#### Task goal:
Only the lines from the start of the entries up to and including the line with "Stylish fountain pen, cap" should be written out, exactly as they stand.

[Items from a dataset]
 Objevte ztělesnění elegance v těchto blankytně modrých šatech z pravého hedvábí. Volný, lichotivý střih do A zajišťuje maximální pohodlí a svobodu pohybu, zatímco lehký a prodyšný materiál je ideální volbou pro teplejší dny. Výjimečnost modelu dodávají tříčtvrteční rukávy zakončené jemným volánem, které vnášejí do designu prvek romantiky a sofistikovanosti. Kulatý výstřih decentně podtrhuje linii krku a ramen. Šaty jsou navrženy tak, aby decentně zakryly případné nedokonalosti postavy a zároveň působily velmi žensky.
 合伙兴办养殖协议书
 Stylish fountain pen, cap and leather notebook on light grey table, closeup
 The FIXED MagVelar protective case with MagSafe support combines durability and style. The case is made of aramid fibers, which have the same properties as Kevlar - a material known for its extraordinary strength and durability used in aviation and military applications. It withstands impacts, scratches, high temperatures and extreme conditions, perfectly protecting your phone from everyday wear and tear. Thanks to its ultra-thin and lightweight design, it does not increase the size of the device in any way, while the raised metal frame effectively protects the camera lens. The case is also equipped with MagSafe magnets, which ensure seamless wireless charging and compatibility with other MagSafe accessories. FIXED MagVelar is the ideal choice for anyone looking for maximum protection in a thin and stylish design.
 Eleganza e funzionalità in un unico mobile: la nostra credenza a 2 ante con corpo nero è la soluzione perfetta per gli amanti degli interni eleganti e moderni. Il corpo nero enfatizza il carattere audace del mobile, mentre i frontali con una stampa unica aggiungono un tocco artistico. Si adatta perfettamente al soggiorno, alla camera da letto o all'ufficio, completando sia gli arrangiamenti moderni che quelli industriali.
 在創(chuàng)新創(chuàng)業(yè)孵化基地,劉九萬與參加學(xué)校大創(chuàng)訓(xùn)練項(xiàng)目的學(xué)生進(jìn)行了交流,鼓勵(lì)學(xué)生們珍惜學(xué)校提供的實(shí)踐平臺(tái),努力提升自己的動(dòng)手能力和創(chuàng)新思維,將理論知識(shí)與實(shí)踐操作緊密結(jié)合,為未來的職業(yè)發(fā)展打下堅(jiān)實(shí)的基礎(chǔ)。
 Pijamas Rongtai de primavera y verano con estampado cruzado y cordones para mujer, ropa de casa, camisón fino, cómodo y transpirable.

#### Answer to the exercise:
 Objevte ztělesnění elegance v těchto blankytně modrých šatech z pravého hedvábí. Volný, lichotivý střih do A zajišťuje maximální pohodlí a svobodu pohybu, zatímco lehký a prodyšný materiál je ideální volbou pro teplejší dny. Výjimečnost modelu dodávají tříčtvrteční rukávy zakončené jemným volánem, které vnášejí do designu prvek romantiky a sofistikovanosti. Kulatý výstřih decentně podtrhuje linii krku a ramen. Šaty jsou navrženy tak, aby decentně zakryly případné nedokonalosti postavy a zároveň působily velmi žensky.
 合伙兴办养殖协议书
 Stylish fountain pen, cap and leather notebook on light grey table, closeup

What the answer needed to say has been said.